START Source data
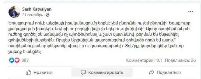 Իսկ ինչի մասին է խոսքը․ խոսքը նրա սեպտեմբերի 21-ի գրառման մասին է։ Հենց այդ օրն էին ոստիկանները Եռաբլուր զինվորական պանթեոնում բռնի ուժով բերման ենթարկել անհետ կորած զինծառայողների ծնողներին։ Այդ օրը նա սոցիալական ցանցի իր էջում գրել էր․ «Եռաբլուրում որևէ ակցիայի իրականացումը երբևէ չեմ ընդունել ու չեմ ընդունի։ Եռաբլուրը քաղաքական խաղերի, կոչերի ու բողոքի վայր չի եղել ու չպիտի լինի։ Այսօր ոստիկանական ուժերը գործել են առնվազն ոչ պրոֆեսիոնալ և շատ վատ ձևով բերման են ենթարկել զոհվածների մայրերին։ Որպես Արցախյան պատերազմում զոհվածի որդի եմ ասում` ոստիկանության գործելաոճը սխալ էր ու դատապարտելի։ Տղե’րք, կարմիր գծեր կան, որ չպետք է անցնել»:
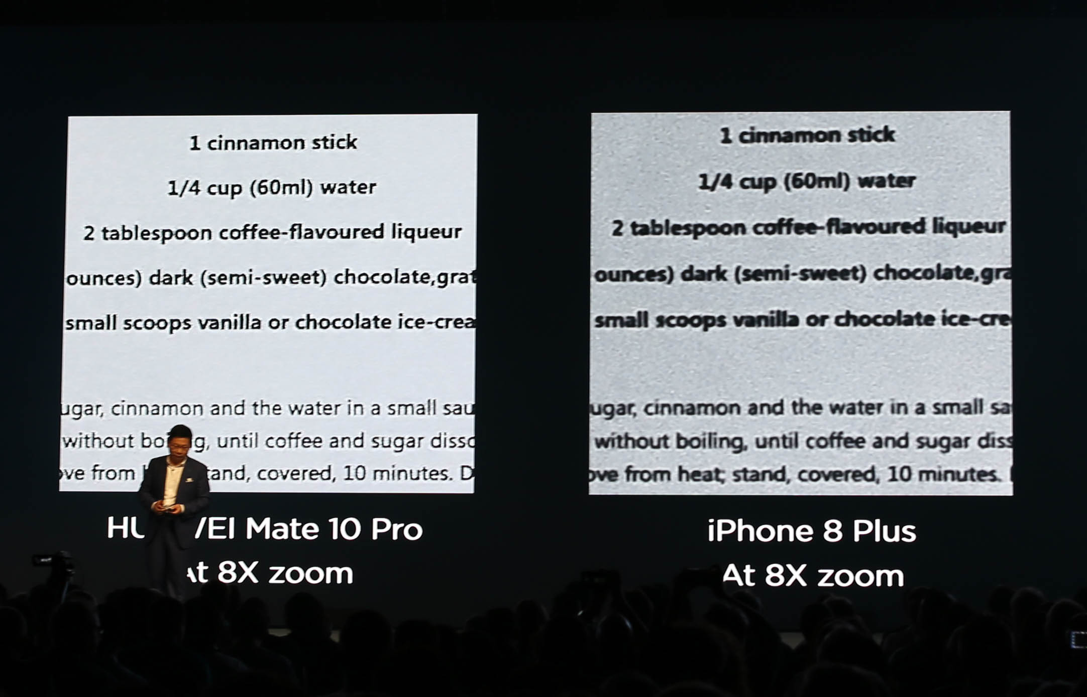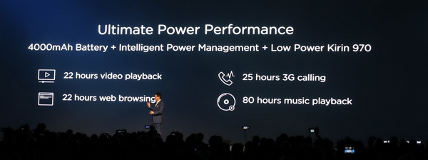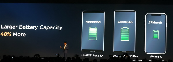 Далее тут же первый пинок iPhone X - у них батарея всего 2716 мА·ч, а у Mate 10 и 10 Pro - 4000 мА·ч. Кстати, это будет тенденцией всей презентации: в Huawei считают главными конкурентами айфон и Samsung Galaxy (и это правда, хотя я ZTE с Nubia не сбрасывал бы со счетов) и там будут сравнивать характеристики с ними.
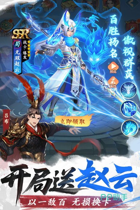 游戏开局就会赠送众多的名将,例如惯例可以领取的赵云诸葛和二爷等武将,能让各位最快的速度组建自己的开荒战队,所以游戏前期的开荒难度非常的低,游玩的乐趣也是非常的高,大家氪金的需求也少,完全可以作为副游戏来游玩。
END Source data
START Source data
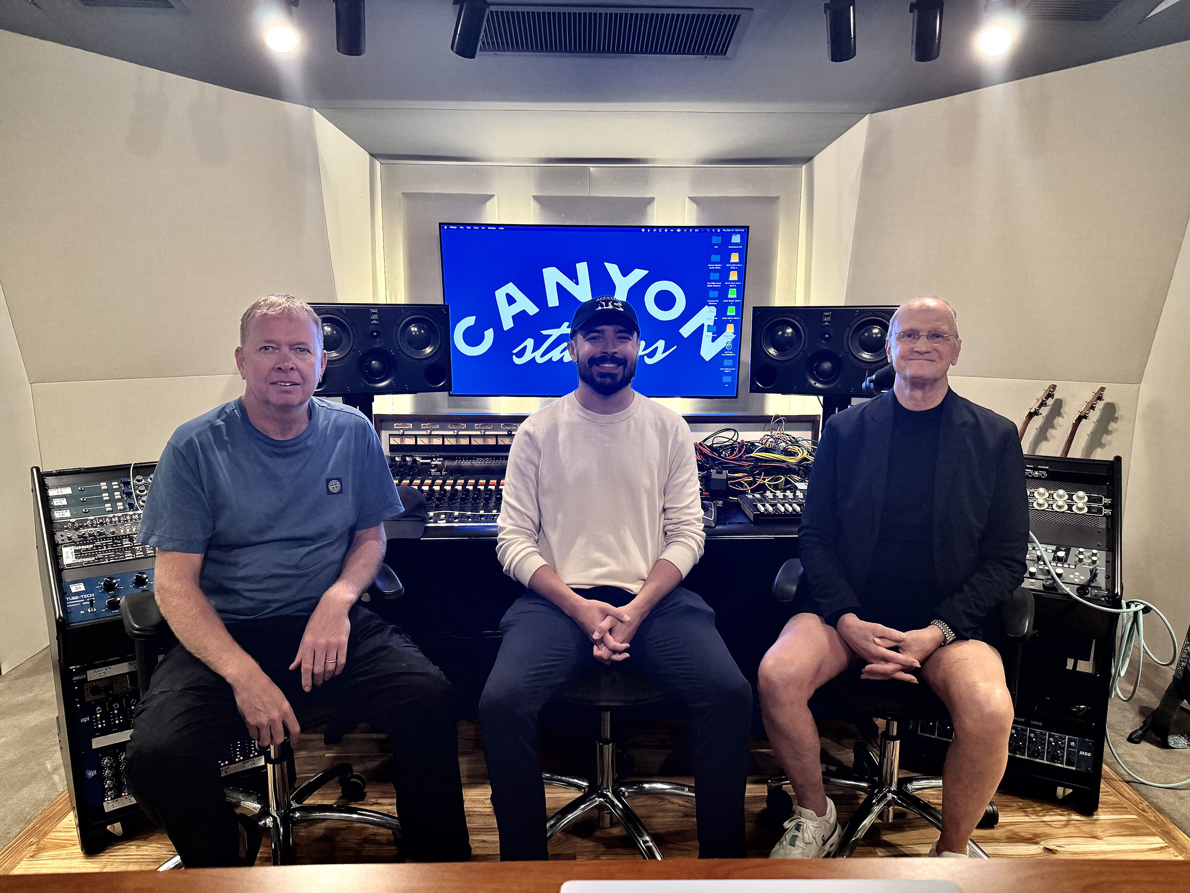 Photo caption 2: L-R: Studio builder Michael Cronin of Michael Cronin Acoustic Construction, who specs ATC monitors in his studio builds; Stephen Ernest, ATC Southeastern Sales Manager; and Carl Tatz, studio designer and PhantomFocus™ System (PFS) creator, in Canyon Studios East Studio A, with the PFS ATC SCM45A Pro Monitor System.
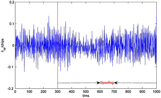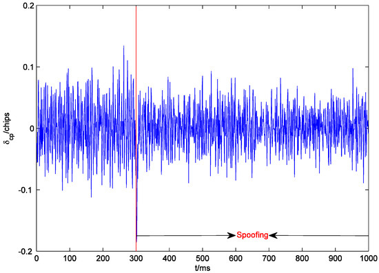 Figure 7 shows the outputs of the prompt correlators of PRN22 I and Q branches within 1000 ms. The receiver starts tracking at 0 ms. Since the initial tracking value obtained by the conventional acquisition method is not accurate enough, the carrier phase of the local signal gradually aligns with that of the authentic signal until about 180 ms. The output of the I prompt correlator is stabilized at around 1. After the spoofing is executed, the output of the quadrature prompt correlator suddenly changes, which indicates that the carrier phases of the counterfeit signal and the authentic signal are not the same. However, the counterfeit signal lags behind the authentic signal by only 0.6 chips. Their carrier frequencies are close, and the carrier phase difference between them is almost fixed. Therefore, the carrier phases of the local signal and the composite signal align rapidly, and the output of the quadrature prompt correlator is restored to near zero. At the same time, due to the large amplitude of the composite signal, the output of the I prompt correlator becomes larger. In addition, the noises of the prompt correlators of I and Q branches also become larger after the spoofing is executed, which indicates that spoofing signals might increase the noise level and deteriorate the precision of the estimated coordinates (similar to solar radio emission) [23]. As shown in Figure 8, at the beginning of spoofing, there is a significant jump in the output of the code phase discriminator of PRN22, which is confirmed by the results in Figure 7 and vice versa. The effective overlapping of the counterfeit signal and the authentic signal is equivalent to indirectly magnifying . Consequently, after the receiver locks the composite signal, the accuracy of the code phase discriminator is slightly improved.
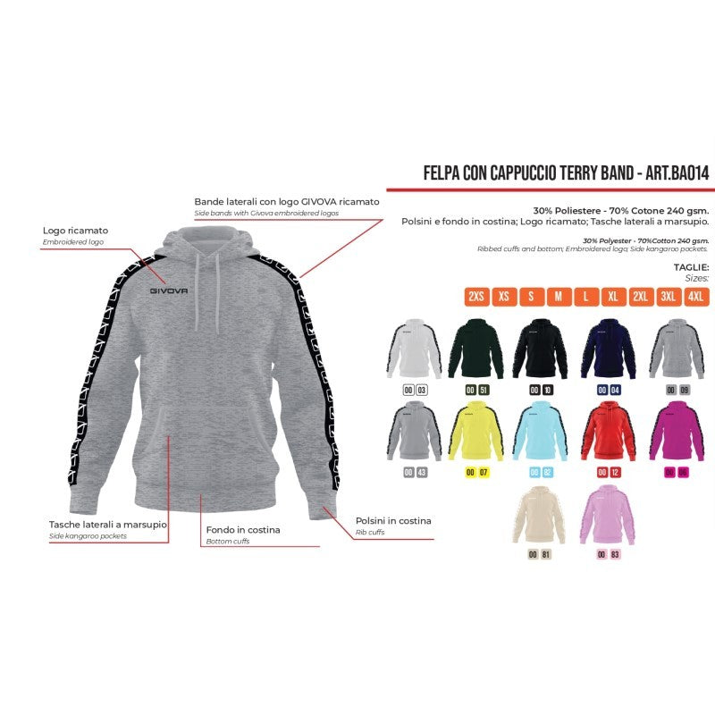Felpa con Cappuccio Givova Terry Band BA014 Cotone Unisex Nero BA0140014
END Source data
> **Exercise prompt**:
Above are records with pictures. Reproduce exactly only the lines from the line with "Далее тут же" through the line with "游戏开局就会赠送众多的名将,例如惯例可以", both ends included, and leave the pictures out.

> **Response to the task**:
 Далее тут же первый пинок iPhone X - у них батарея всего 2716 мА·ч, а у Mate 10 и 10 Pro - 4000 мА·ч. Кстати, это будет тенденцией всей презентации: в Huawei считают главными конкурентами айфон и Samsung Galaxy (и это правда, хотя я ZTE с Nubia не сбрасывал бы со счетов) и там будут сравнивать характеристики с ними.
 游戏开局就会赠送众多的名将,例如惯例可以领取的赵云诸葛和二爷等武将,能让各位最快的速度组建自己的开荒战队,所以游戏前期的开荒难度非常的低,游玩的乐趣也是非常的高,大家氪金的需求也少,完全可以作为副游戏来游玩。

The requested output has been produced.